Like The Descent, Sanctum tracks a group of people, each of which is tough and smart enough to be the survivor among a lesser cast of living corpses. Leader Roxburgh, his estranged teen son Rhys Wakefield, millionaire investor Ioan Gruffudd and his spunky girlfriend Alice Parkinson all know their way around climbing ropes and oxygen tanks. So, too, do the rest of the team. But when a storm floods the cave and blocks all charted exits, die most of them must. And though we can blame audience blood lust, or even writers John Garvin and Andrew Wight (who lived through a lite version of this tombed terror), these fighters point their fingers at Roxburgh.
There’s a chill at the movie’s core that’s as cold as the cave. Roxburgh’s team captain, the most famous explorer of the day, is Sir Ernest Shackleton meets Ayn Rand. He’s in the service of history, and while he won’t drown someone for his quest, he won’t cry long if they accidentally drown themselves. “They knew the risks!” he grunts. And they do—in one scene, a team member deliberately drowns so he won’t slow the gang down. But while his character is at first a ruthless foil for son Wakefield’s playful athleticism, director Alister Grierson eventually recognizes his nobility and the father-son sniping warms into a stirring mutual respect.
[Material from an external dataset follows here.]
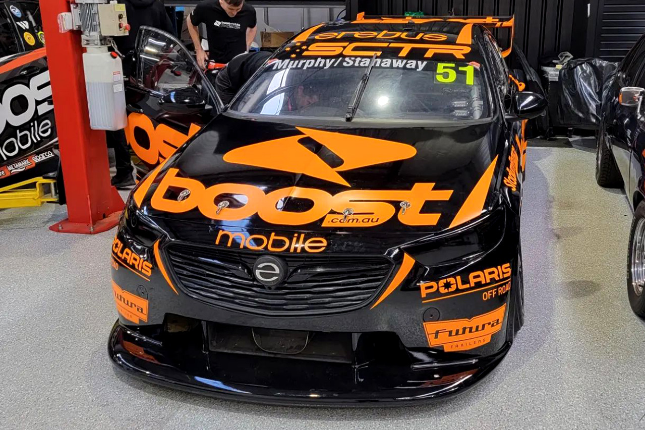 Boost Mobile boss Peter Adderton shared images of the #51 Holden ZB Commodore in black and fluorescent orange on social media.

It’s good, strong schlock, and it works in harmony with the cavers’ harrowing struggle.
The last 30 minutes are primevally claustrophobic—the 3D is functional enough to get your pulse up, even if the shapes are a bit flat. (And in case you were steeling yourself for a “shocking” twist, thankfully no monsters slither up to spoil Grierson’s efficient tension.) He’s doing well enough doling out nasty slips and suffocating scuba sequences. Sanctum is a fine way to waste a Friday, and frightening enough to steer you away from spelunking in an underwater cave in the forests of Papua New Guinea. For the bold who see it as a travelogue, be warned: Roxburgh might say it’s “his church,” but the high tides demand a high tithe.